Carlos Correa was positioned perfectly. The statistics showed that Charlie Blackmon tended to pull the ball to the right side, and when the Rockies designated hitter swung over the top of a sixth-inning fastball from Dylan Bundy, his ground ball hopped directly to the Twins shortstop, shifted to a spot about 15 feet on the right field side of second base.

And that's how the Twins lost to the Rockies.

With nobody to cover second base, Correa rushed to tag the bag and force out Yonathan Daza. But his throw to first base was too late to double up Blackmon and end the inning. Blackmon's hustle allowed Conner Joe to score Colorado's one and only run, which, for the 10th time this season, was enough to beat the oddly slump-prone Twins, 1-0 at Target Field.

No regrets about the game-deciding play, Correa said.

"A play [at] home, it's too risky," he said of his split-second decision to try for the inning-ending double play. "I'd rather let them score one run and trust that our offense can score, rather than throw it away and give them a chance to score three."

That trust turned out to be misplaced. Two days after the Twins erupted for 10 runs in seven innings, they are on a stretch of offensive impotence that has produced only one run over their past 19 innings. They mustered five hits in Thursday's 1-0 victory over Cleveland, then managed only three against Colorado righthander German Marquez and closer Daniel Bard.

All of which wasted Bundy's second consecutive quality start, three shutout innings by Tyler Duffey and Tyler Thornburg, three double plays converted by the Twins infield and a diving, run-saving catch by Max Kepler.

"I don't think anybody's going to be able to put a finger on" the cause of the frequent offensive blackouts, said catcher Ryan Jeffers, who doubled and walked twice. "We're one of the best offenses in the league. We believe that, whether or not we throw up goose eggs like we did today."
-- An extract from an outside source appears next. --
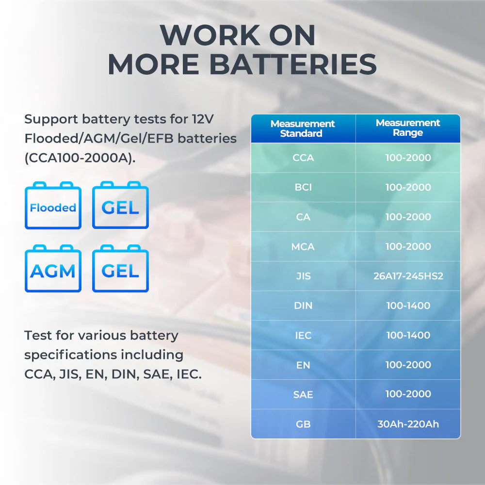 - Supporting charging tests and cranking tests for 12V & 24V Lead-Acid batteries, performing battery tests on 12V batteries. This tester enables professionals to test passenger cars and heavy-duty. With the BT600, technicians will be able to complete even more jobs.
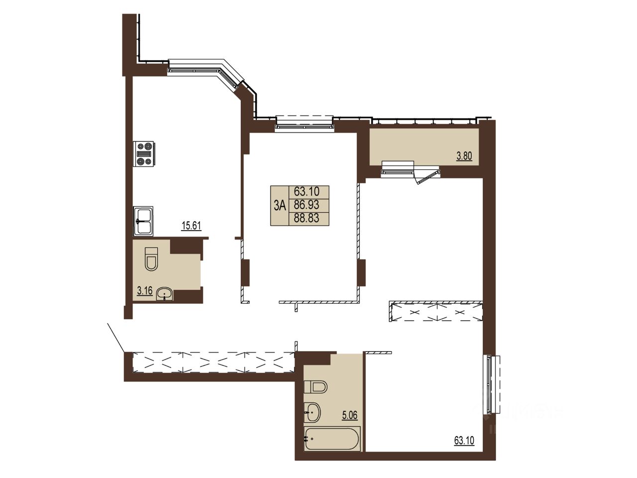 Общая площадь88,83 м2

Bundy, who gave up one run over eight innings last Saturday at Arizona, got a lot of zeroes, too, facing only three batters in four of his six innings. He was touched for back-to-back singles in the sixth inning, setting up Blackmon's RBI forceout, and was pulled after throwing just 60 pitches.

But that lone run was enough to beat the Twins, who doggedly keep up their one-shutout-per-week average despite ranking fourth in the AL in scoring.

"It's a significant amount, but the last few [shutouts], I think [about] how many balls we absolutely got into," Twins manager Rocco Baldelli said. "If we weren't hitting balls hard, it it was just a quiet, soft exit to the [shutout], I'd probably have a lot more to worry about."

Marquez, who came into the game with a 6.16 ERA but peeled half a run off of it, forced the Twins to hit ball after ball into the ground, recording 14 of his 23 outs on the ground.

The Twins' biggest threat — indeed, the only time a Twins player managed to reach third base — came in the eighth inning, when Jeffers led off the inning by coaxing Marquez's fifth walk. Pinch runner Kyle Garlick eventually reached third base with two outs, but Rockies manager Bud Black replaced Marquez with Bard, and he retired Kepler with just one pitch, a weak grounder to second.

Bard then pitched a routine ninth inning to record his 15th save and send the Twins to their fourth loss in five games.